Review

Just Dance
Do the Mashed Potato!
Relevant to:
Nintendo Wii
Just Dance

With music track selection better than the disco down at your local pub, and greater accessibility than the most recent incarnation of Dance, Dance Revolution, the entrance of Ubisoft's Just Dance sees one of the most simplistic rhythm music games arrive on the home console market. Over the last few years the market has been flooded by games where you can sing to music karaoke style or fill in for a professional band, most of which are accessible to the casual player of video games, but despite DDR retaining a cult of popularity it has never been extremely accessible to the casual player and so the market has been lacking in a reasonable dance based music game...until now.

Oh, I was under the impression that everyone had heard...
Oh, I was under the impression that everyone had heard...

Ubisoft have designed a dance game that moves far away from the convolution of Konami's series, keeps away from the intricacies of Guitar Hero and Rock Band, and settles itself in the carefree nature of popular karaoke console games such as Singstar and Lips. This simplicity makes the game a breath of fresh air to play, and builds on the Wii's continued opportunity to give game developers a new way to think about game play with popular genres.

There are several different play modes, including Practice and Warm Up, with single player in Quick Play mode, then different challenges that may be set up in multiplayer. All take advantage of the roughly 30-track line up, that ranges from Dare to Mashed Potato Time. Each track has a rating in Difficulty and in Effort, which is based off of the complexity of the dance moves involved and the intensity of the track. On the screen when you play you have footage of real professional dancers, which have been colourized in a pop art way, performing the dance moves and instructions of the basic moves coming up scrolling along on the bottom of the screen. The game scores you according to how closely you perform the moves to the dancer on screen and with what level of effort you put into it, all whilst you hold on tightly to the Wiimote. But this game is not about scoring.

I could do with a Holiday about now...
I could do with a Holiday about now...

Just Dance has been getting a great deal of mixed reviews, mostly negative from other professional reviewers.

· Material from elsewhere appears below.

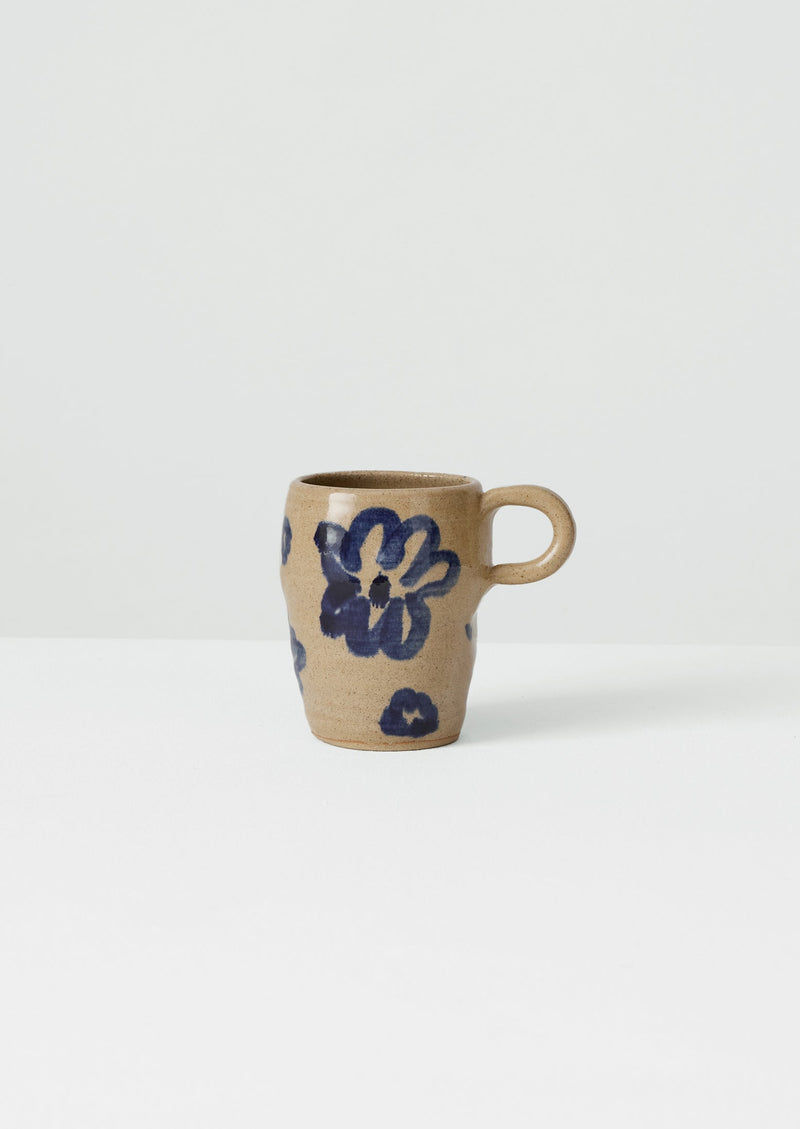 Hand-thrown tall mug by Sophie Fletcher of Zosia Ceramics, crafted in Cambridge. With a high handle and patterned with expressive cobalt and oxide flowers, each piece is a unique reflection of fluid, painterly gestures.

Their complaints tend to be in regards to the sensitivity of the controls, or supposed lack of it, and the absence of any career mode. Just Dance does pick up movements from the Wiimote quite successfully, but with the Wii Motion Plus that part would be even better, had it been supported. The issue really comes down to a player's ability to comprehend and translate the moves seen on screen to how they move their own body. If you can't get the moves within the generous approximation that the game allows, or time them correctly, then you don't get scored favourably or at all. This is the same as any other rhythm music game, and as always, practice makes perfect.